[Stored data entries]

###

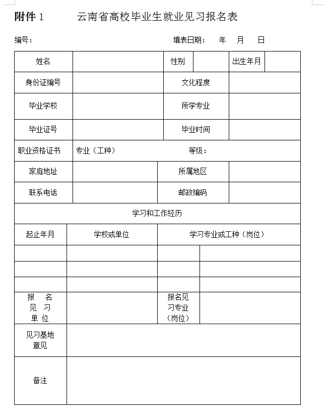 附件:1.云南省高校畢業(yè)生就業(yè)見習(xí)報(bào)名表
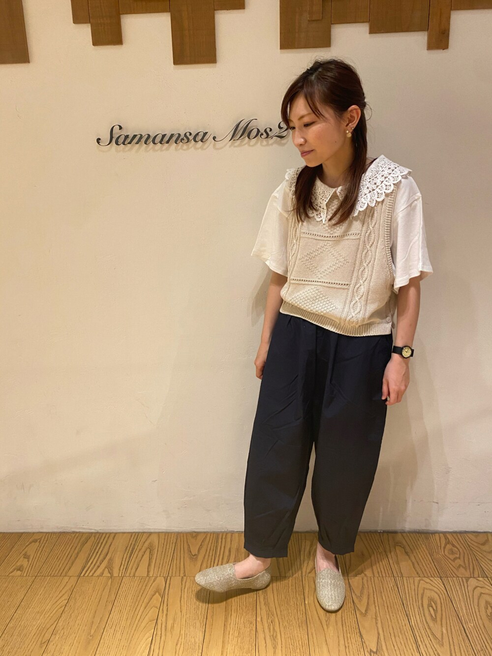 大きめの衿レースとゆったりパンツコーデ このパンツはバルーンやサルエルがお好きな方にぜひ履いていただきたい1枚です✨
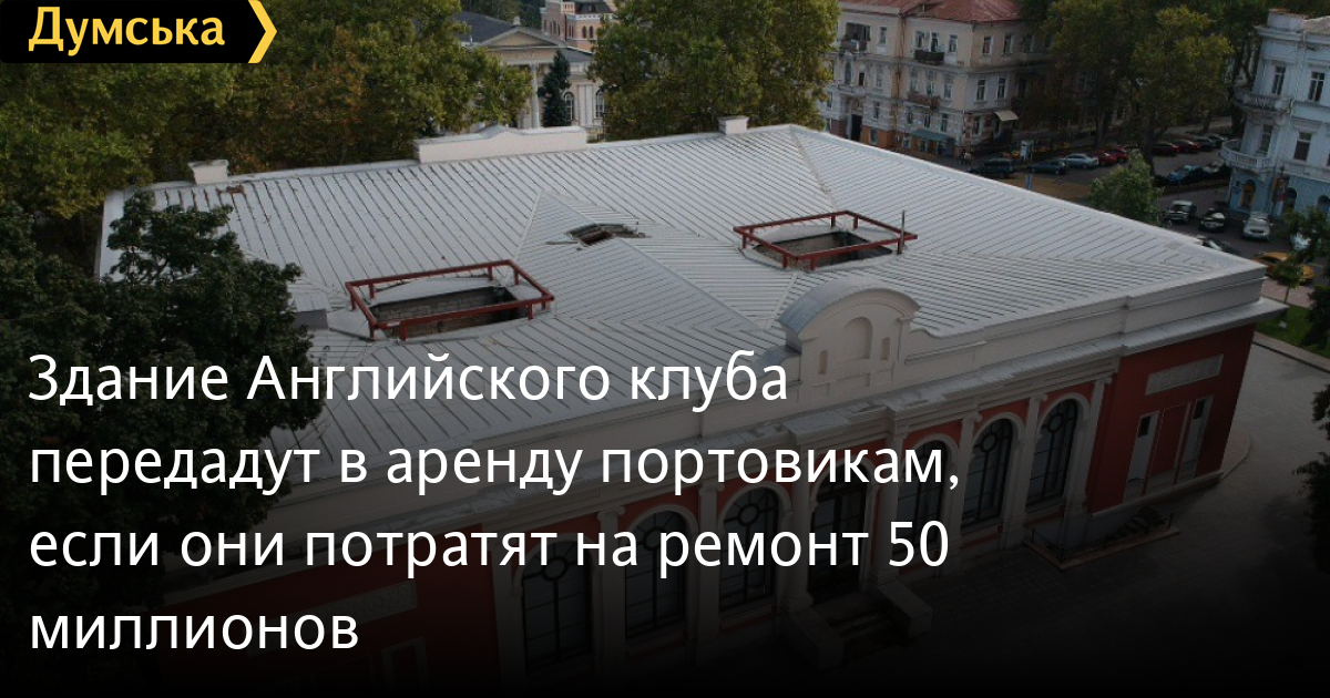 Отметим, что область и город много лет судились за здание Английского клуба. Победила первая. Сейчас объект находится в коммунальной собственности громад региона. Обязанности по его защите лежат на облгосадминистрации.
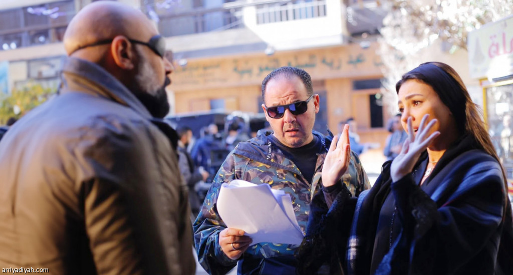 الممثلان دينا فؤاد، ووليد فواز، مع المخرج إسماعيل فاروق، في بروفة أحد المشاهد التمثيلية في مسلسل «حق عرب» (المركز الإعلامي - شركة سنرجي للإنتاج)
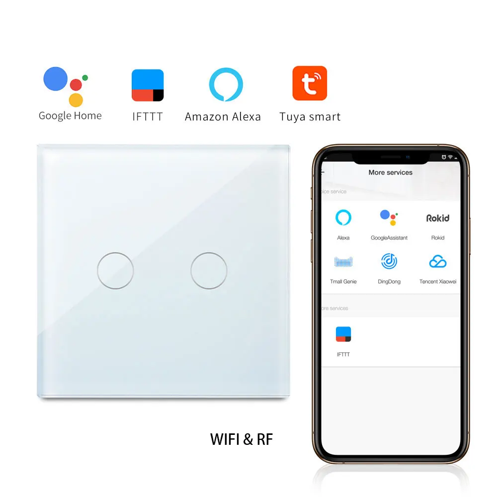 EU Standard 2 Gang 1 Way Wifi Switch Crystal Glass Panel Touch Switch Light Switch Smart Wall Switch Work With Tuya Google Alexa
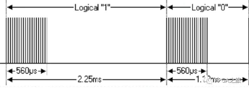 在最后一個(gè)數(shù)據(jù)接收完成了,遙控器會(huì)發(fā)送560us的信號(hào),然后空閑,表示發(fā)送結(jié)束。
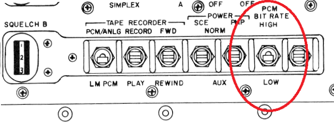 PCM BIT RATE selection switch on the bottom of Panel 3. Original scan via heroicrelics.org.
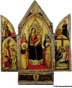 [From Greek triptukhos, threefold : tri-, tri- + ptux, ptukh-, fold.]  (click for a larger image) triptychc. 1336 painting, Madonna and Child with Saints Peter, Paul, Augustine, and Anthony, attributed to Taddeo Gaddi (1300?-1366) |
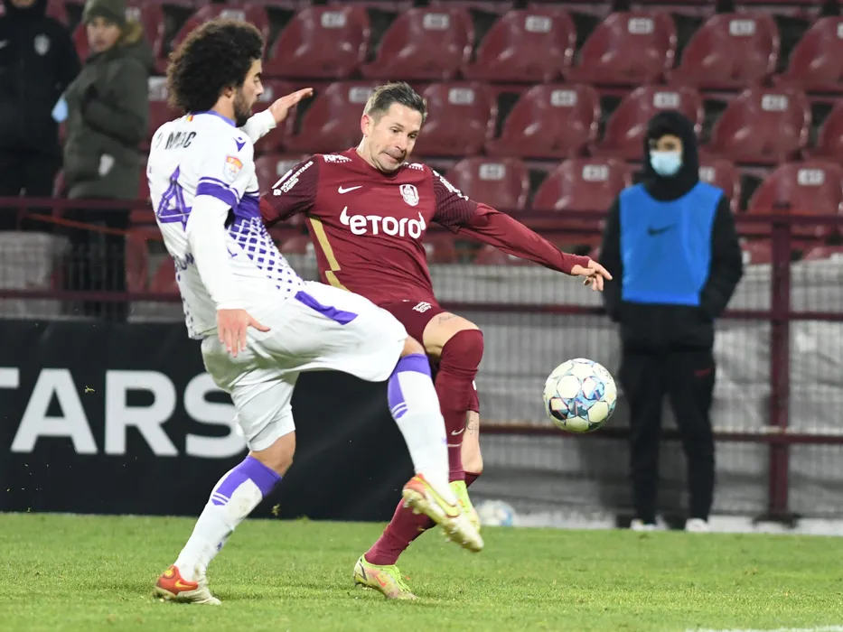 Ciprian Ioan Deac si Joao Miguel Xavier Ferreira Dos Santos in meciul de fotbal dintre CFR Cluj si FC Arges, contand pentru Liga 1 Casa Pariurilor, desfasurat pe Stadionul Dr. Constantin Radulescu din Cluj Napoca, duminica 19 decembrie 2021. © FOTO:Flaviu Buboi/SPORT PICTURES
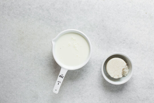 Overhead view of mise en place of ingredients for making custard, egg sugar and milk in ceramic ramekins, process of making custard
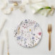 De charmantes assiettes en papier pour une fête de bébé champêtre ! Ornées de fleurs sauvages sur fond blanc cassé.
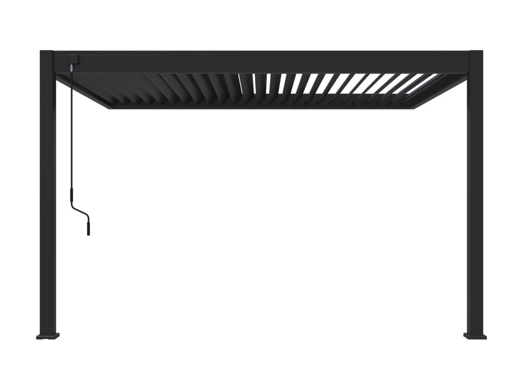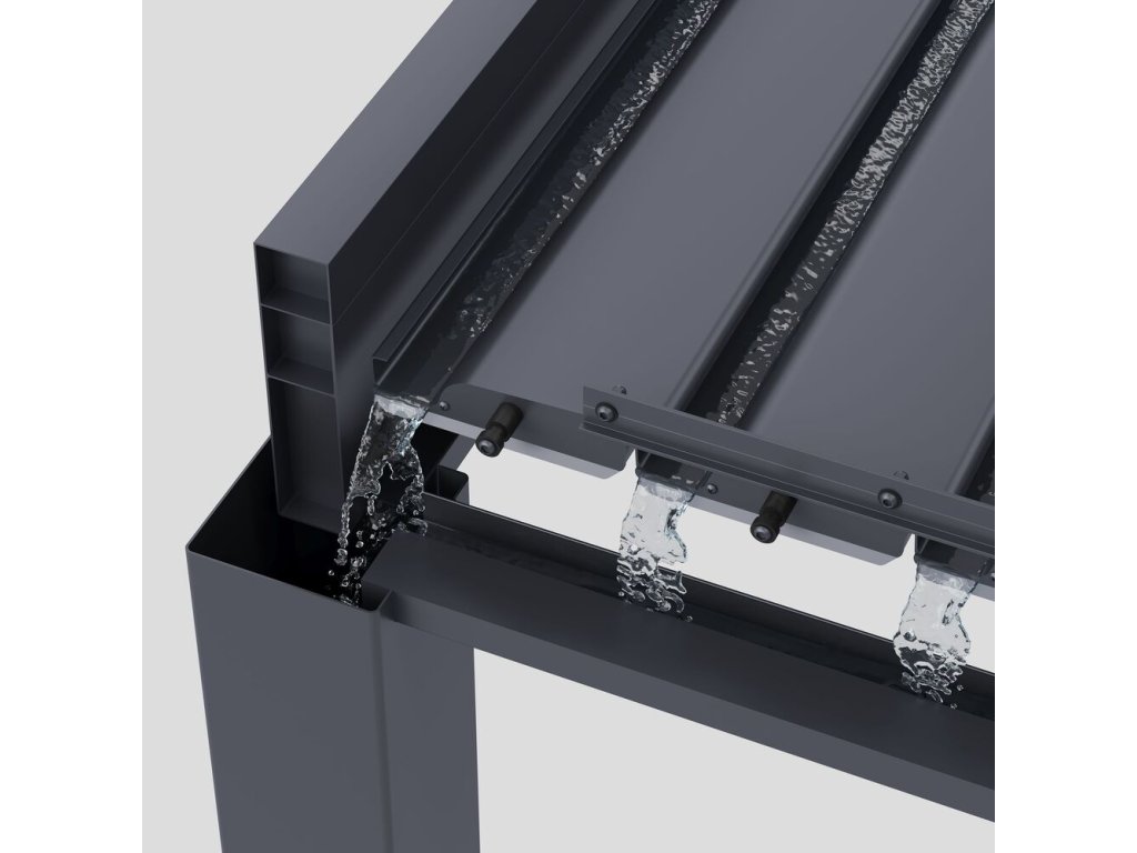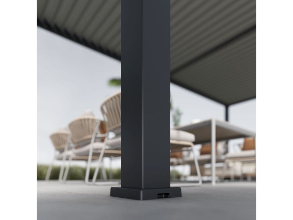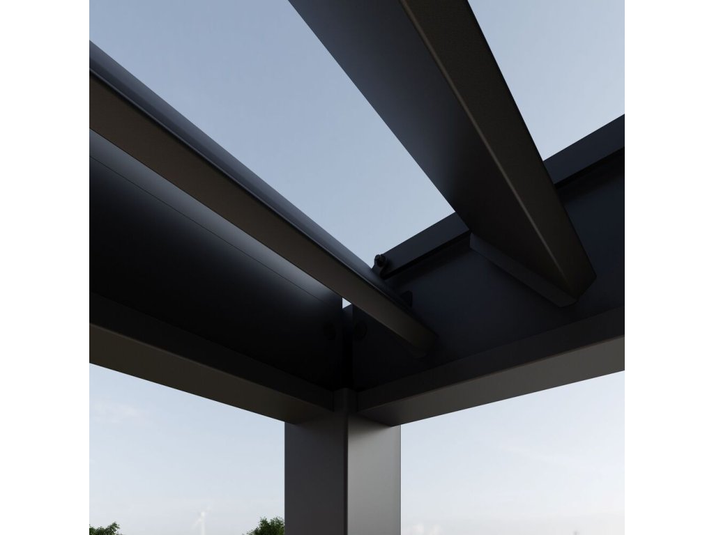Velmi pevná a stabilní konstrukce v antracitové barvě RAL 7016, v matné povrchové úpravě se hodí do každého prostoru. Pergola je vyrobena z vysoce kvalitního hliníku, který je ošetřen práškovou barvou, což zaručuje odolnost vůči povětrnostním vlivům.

###

Assignment:
Return word for word the lines from the beginning of the entries through the line that contains "الممثلان دينا فؤاد،", both ends included, but no pictures.

Response box:
 附件:1.云南省高校畢業(yè)生就業(yè)見習(xí)報(bào)名表
 大きめの衿レースとゆったりパンツコーデ このパンツはバルーンやサルエルがお好きな方にぜひ履いていただきたい1枚です✨
 Отметим, что область и город много лет судились за здание Английского клуба. Победила первая. Сейчас объект находится в коммунальной собственности громад региона. Обязанности по его защите лежат на облгосадминистрации.
 الممثلان دينا فؤاد، ووليد فواز، مع المخرج إسماعيل فاروق، في بروفة أحد المشاهد التمثيلية في مسلسل «حق عرب» (المركز الإعلامي - شركة سنرجي للإنتاج)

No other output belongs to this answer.